Remember health care? Republicans were adamantly opposed to any scheme that might extend coverage to the 50 million Americans lacking it, or at last put Uncle Sam in a position to rein in the world’s highest medical spending. Obama might have played hardball by telling the people, “These Republicans don’t care if you or your children die in the streets for lack of insurance. It doesn’t bother them that thousands of good Americans just like you are bankrupted by hospital bills. But I care. So whose side are you on?”

Instead Obama tried every which way to please congressional Republicans. They gave up nothing, and they got a nice treat ― a plan less far-reaching than it might have been. It retains all the unique features that make our system so fragmented and expensive. And it still won’t cover everybody. Now the Republicans are railing against the requirement that most people obtain insurance, even though this perfectly good Republican idea was adopted by presidential hopeful Mitt Romney when he was governor of Massachusetts.

That state now covers virtually all its residents and the sky hasn’t fallen, although the former governor must cope with headlines like this one in the Onion, a mock newspaper: “Mitt Romney Haunted By Past Of Trying To Help Uninsured Sick People.” Despite their newfound fiscal rectitude, congressional Republicans were also bound and determined not to let the budget-busting Bush tax cuts expire at the end of last year. Unable to push through an extension on their own, they refused to extend unemployment benefits ― in effect holding jobless Americans hostage.

“Now that I’m president,” Obama might have shouted from the rooftops, “these Republicans are all aflutter over the deficit. But when George W. Bush was running up the national debt by invading Iraq, cutting taxes for the rich, and blowing up the economy, we didn’t hear a peep out of them!” Instead, the president made a bargain.
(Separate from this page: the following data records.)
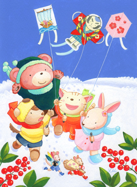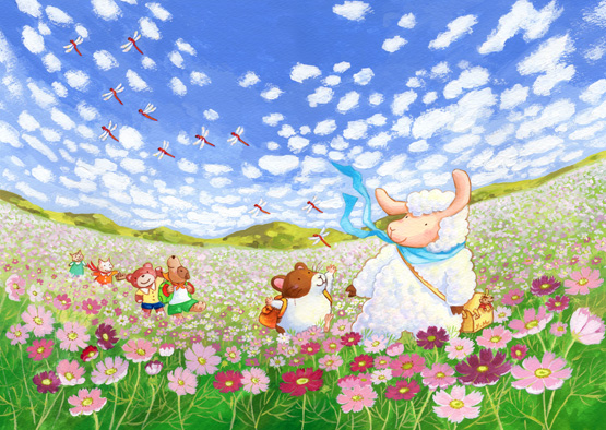 コモンズ株式会社様 サントレ絵本「鼠のお花見」他5冊 絵本挿絵
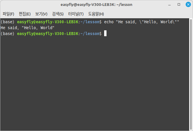 이 명령은 따옴표 안의 따옴표를 이스케이프 하여 문장 "He said, "Hello, World!""를 올바르게 출력합니다.
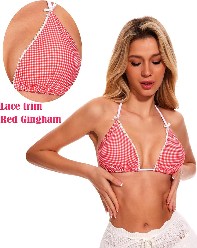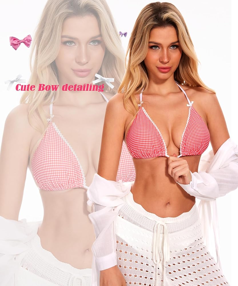 - السمات: قمصان بيكيني مزخرفة بالدانتيل فقط، بيكيني علوي مثلث، قمصان بيكيني من القماش القطني، قمصان سباحة مربعة، بيكيني كوكيت لطيف، قمصان لباس سباحة رافعة للأعلى
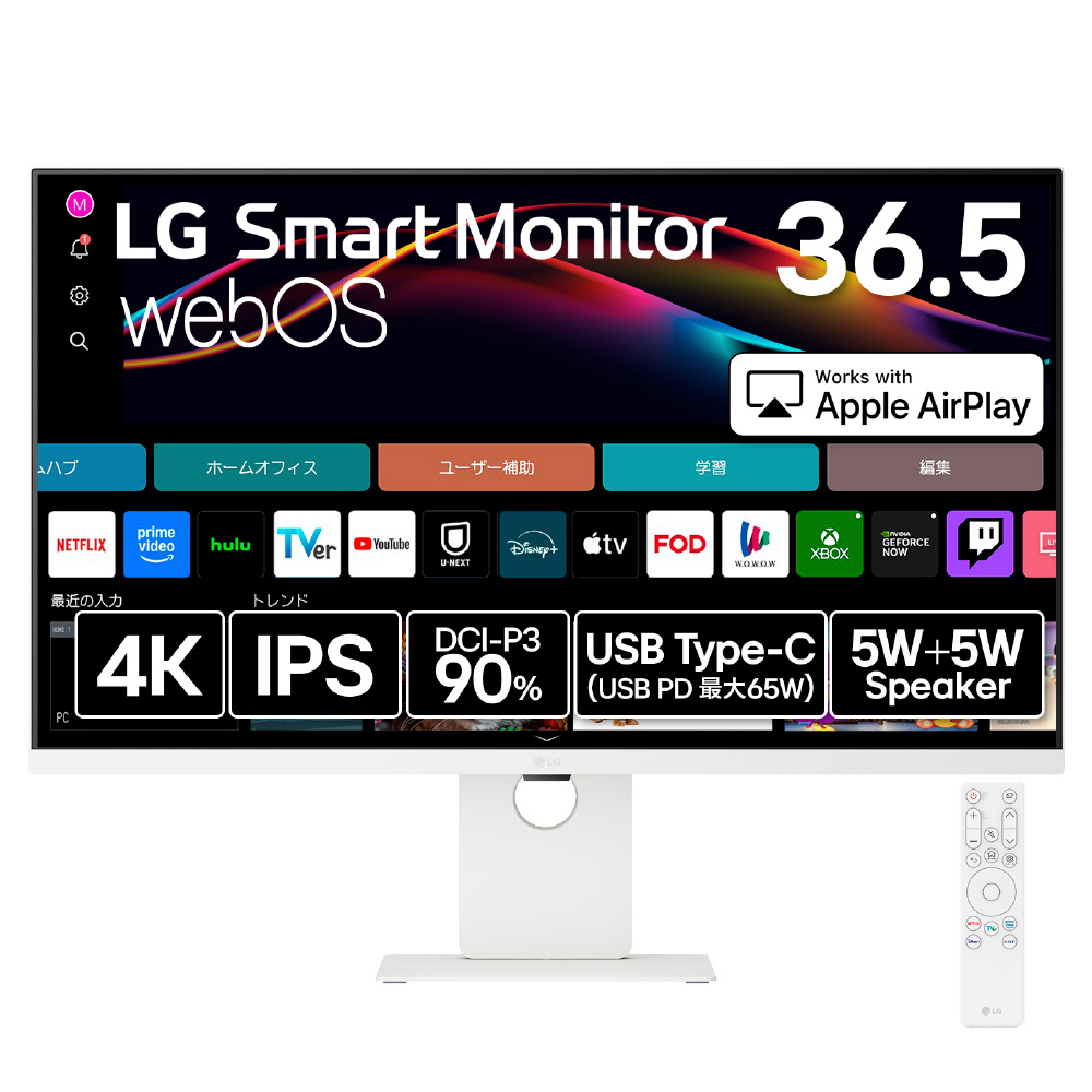 USB-C対応 PCモニター 36.5型 LG Smart Monitor ホワイト 37U730SA-W [4K(3840×2160) /ワイド /60Hz]
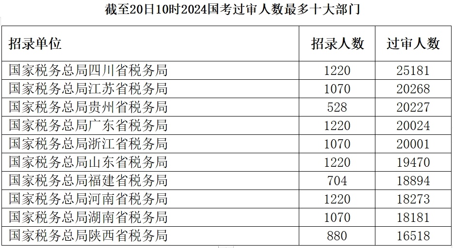 从各部门的报名数据来看,国家税务总局四川省税务局依然以过审25181人的绝对优势“称霸”,2024国考过审人数最多十大部门过审人数全部超过15000人。

Republicans went along with a stimulus plan to help jobless Americans while staving off unemployment for others. In exchange, the president agreed to extend the Bush tax cuts, even though they add to the deficit while mainly helping those who don’t need aid. Once again, Republicans were rewarded for stonewalling.
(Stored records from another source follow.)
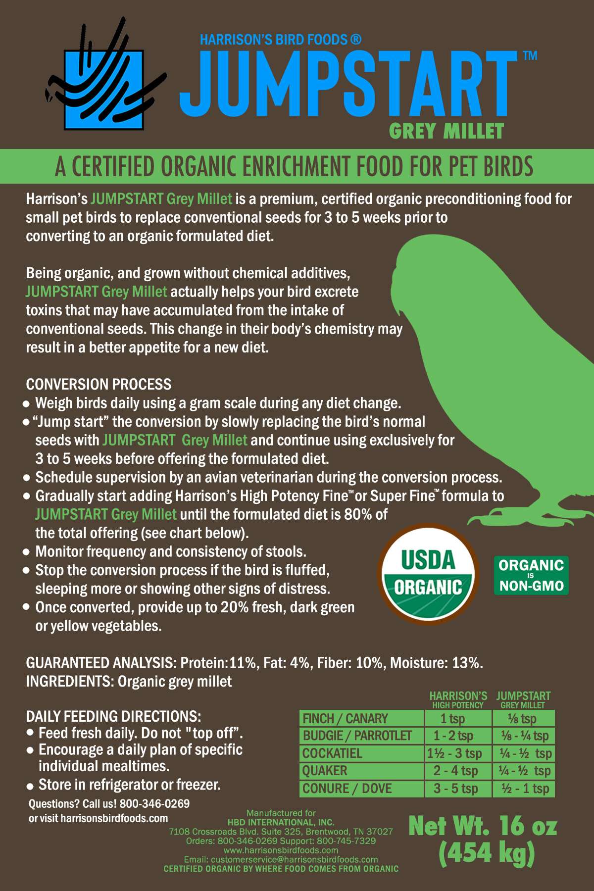 Feed JUMPSTART Grey Millet in conjunction with Harrison’s Bird Foods certified organic formulas. For small birds offer in amounts show using the chart below. For larger birds use suggested amount in a mash or grind fresh daily and add to a small amount of moist vegetable for consumption.
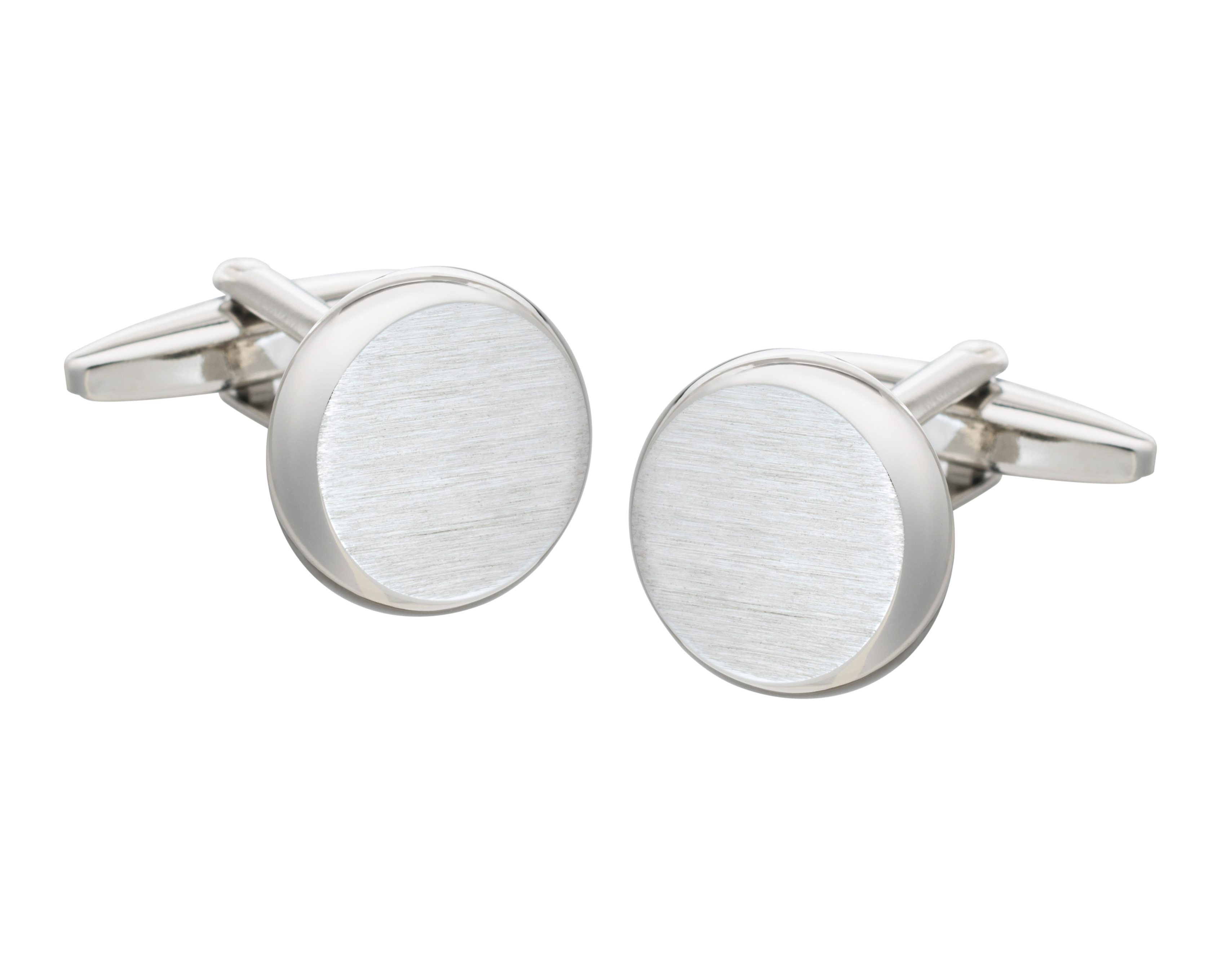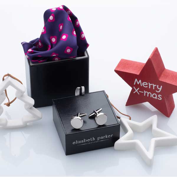 Simple, sleek and stylish the creative elegance of these 'O' shaped cufflinks contrasts a flat and smooth brushed metal front with a rounded and polished side, team with the pink Daisy Do Silk Pocket Square in this Christmas Gift Set for a playful look.
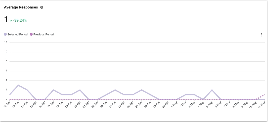 Gráfico de líneas Compara el número promedio de respuestas de cualquier usuario durante el período seleccionado con los datos del período anterior.
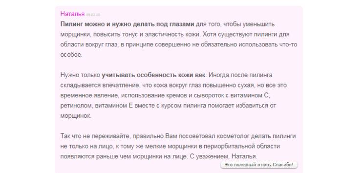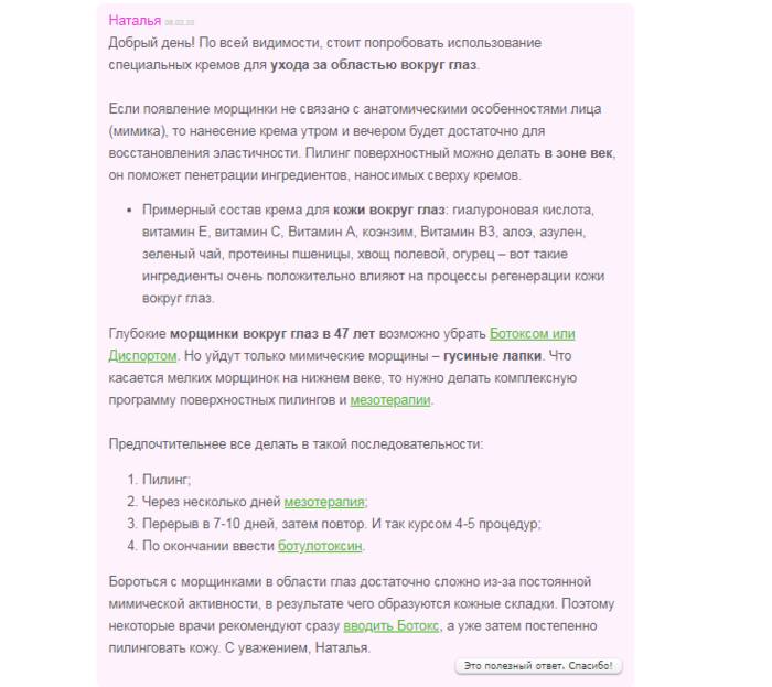 Специалисты считают, что после 45 лет чистка устраняет только мелкие морщинки на нижнем веке, с глубокими морщинами лучше справляется Ботокс.
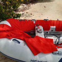 On fera quand même le tour de l'île et un peu de couture pour habiller notre annexe (contre les UV).
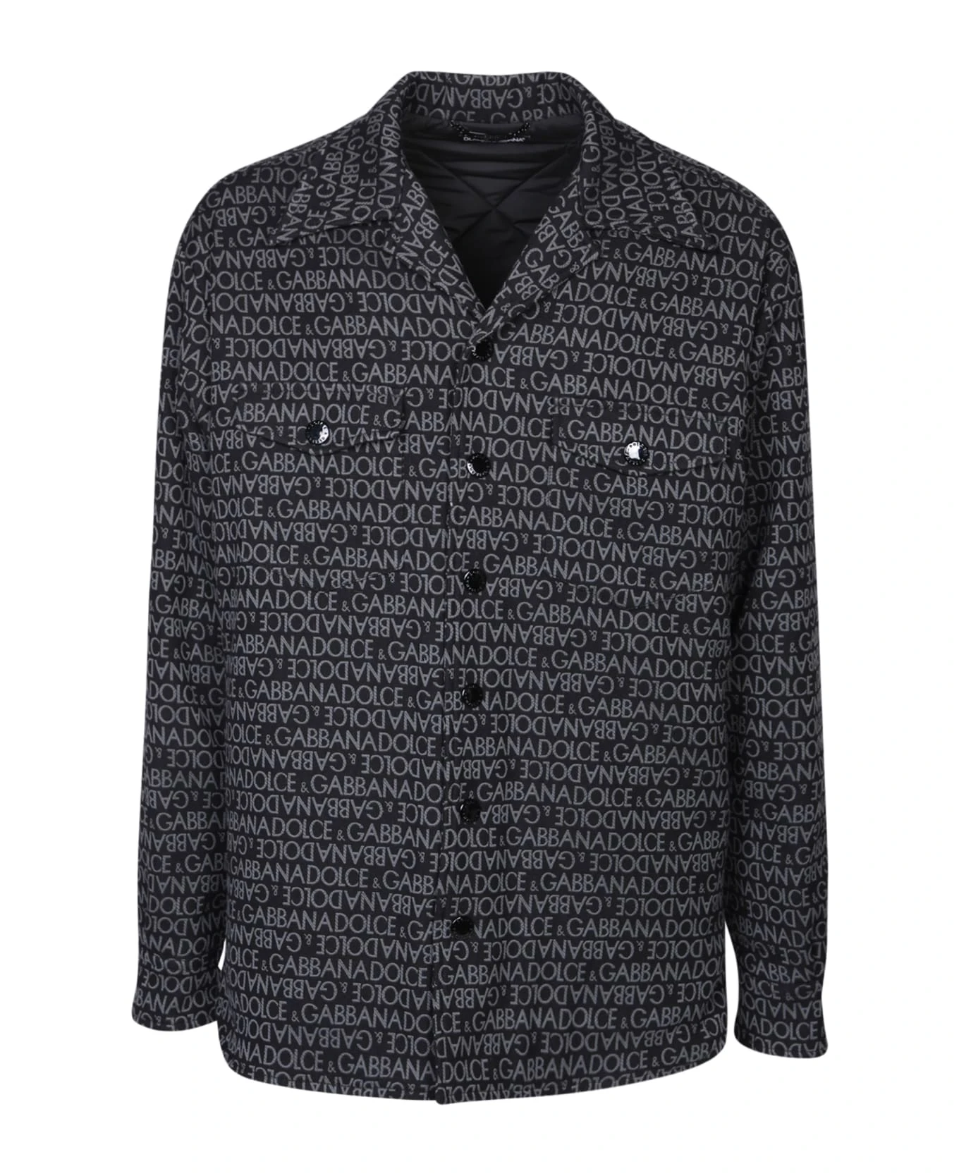Classic neck. Front button fastening. Long sleeves. Buttoned cuffs. Two chest button fastening pockets. All-over logo print. Padded. Regular fit. Color: black/ grey

Is it any wonder they’re trying it again in the battle over raising the debt ceiling? Republicans have vowed to let the country default on what is traditionally considered the safest investment in the world ― debt issued by the United States government ― rather than raise a single dollar in taxes toward closing the deficit. They’re sticking to this even though Americans are just about the least taxed people in the industrialized world.
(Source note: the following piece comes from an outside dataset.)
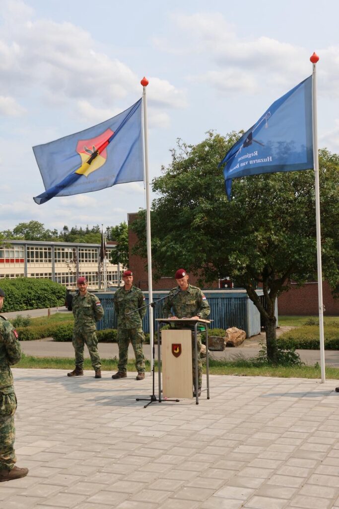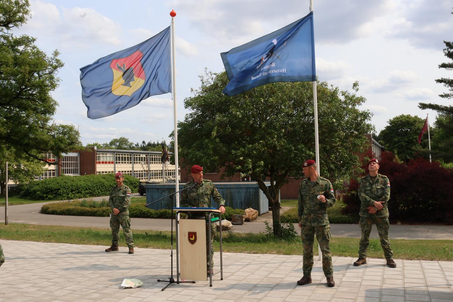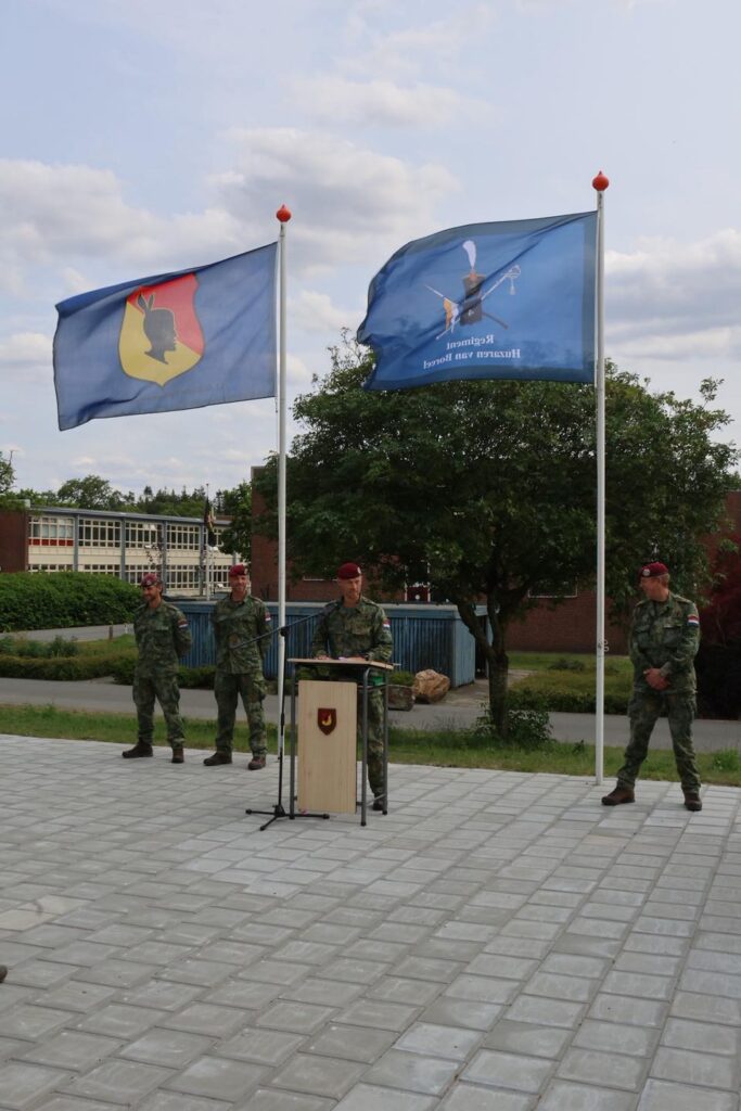 Vanmiddag, 3 juni 2025, heeft onze Regimentsadjudant, Aooi Auke Posthumus, zijn functie als Eskadronsadjudant van 11 Brigade Verkennings Eskadron, de stam, Indianen overgedragen aan Aooi Hilbert van der Worp.
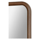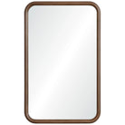 The simple styling of this decorative wall mirror adds an element of industrial décor to classic and contemporary rooms. The natural wood frame incorporates eclectic design details with a rounded pipeline shape and curved corners that soften the rectangular looking glass. A warm walnut brown finish complements the mirror’s humble profile with a neutral color palette that’s lived-in and luxe.

Predictably, the president rewarded this stance by putting trillions in spending cuts on the table. Forty Republicans then signed a pledge to block any deal that didn’t include a balanced-budget amendment to the Constitution ― a plan as silly as it is implausible. Republicans often say government needs to act more like business, and the president ought to listen. No one in business would negotiate the way he has. Perhaps a new adviser could help ― and I know just the guy. Goes by the name of Pavlov. And Mr. President, he’s just drooling to meet you.

By Daniel Akst, Newsday

Daniel Akst, a columnist for Newsday, is the author of “We Have Met the Enemy: Self-Control in an Age of Excess” from Penguin Press. ― Ed.